| Exercise details |
No pictures in the copy. Write out the listing below exactly.

| Data extract |
◇ ◇ ◇ ◇ ◇

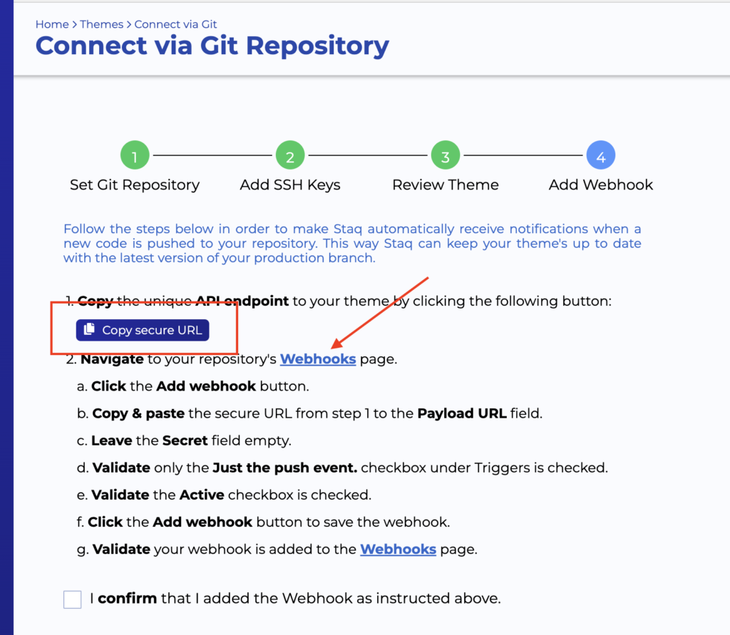In the last step, click Copy secure URL and then click Webhooks:
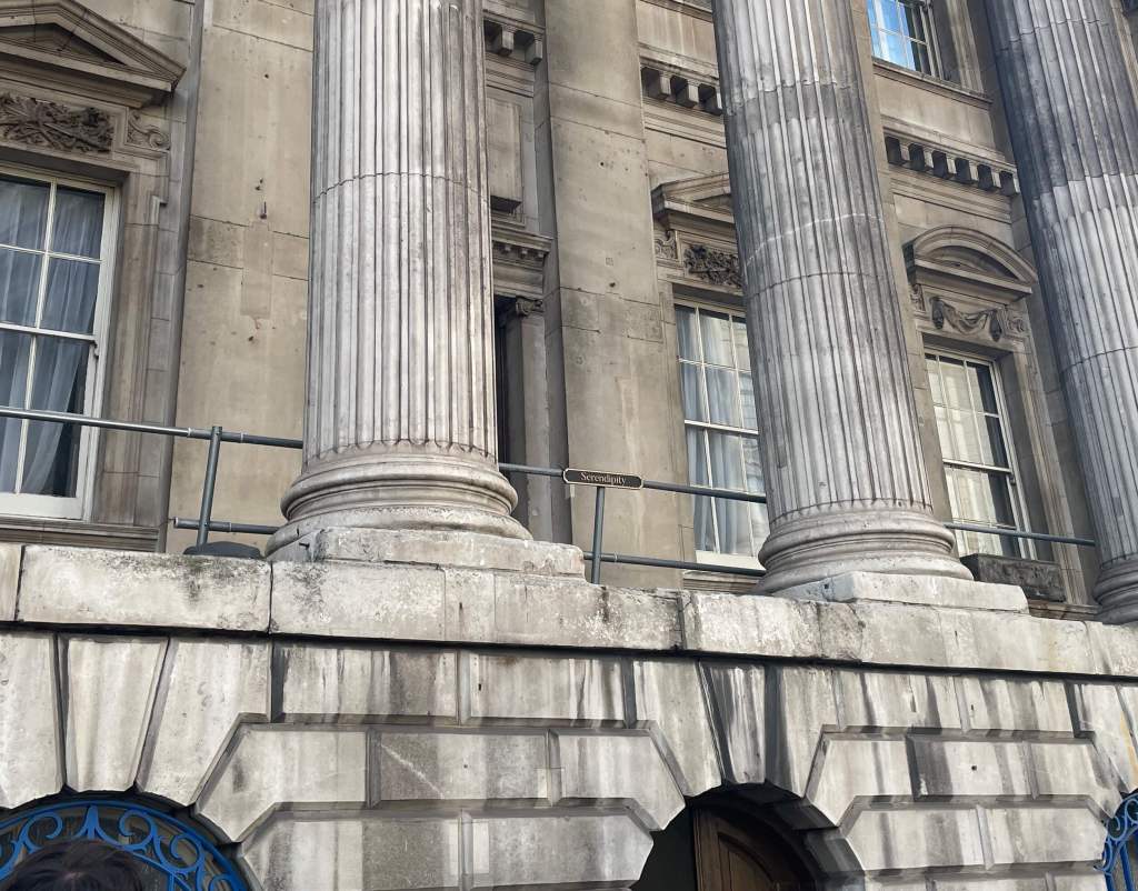 This lead us to the old House of Fraser building on the north side of London Bridge. This is where the clues went really peculiar and started going on about meeting friends ‘Serendipitously’ and ‘Marking a spot’
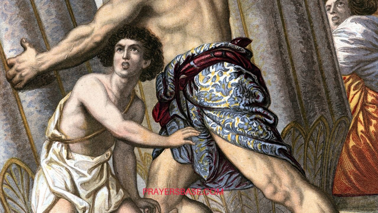 Blind and weak, Samson asks to be placed near the pillars. Then he prays.
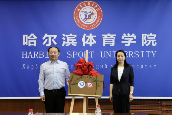 建华区委副书记曹颖与哈尔滨体育学院党委副书记姜玉洪共同为“人才工作站”揭牌。

◇ ◇ ◇ ◇ ◇

| Result |
In the last step, click Copy secure URL and then click Webhooks:
 This lead us to the old House of Fraser building on the north side of London Bridge. This is where the clues went really peculiar and started going on about meeting friends ‘Serendipitously’ and ‘Marking a spot’
 Blind and weak, Samson asks to be placed near the pillars. Then he prays.
 建华区委副书记曹颖与哈尔滨体育学院党委副书记姜玉洪共同为“人才工作站”揭牌。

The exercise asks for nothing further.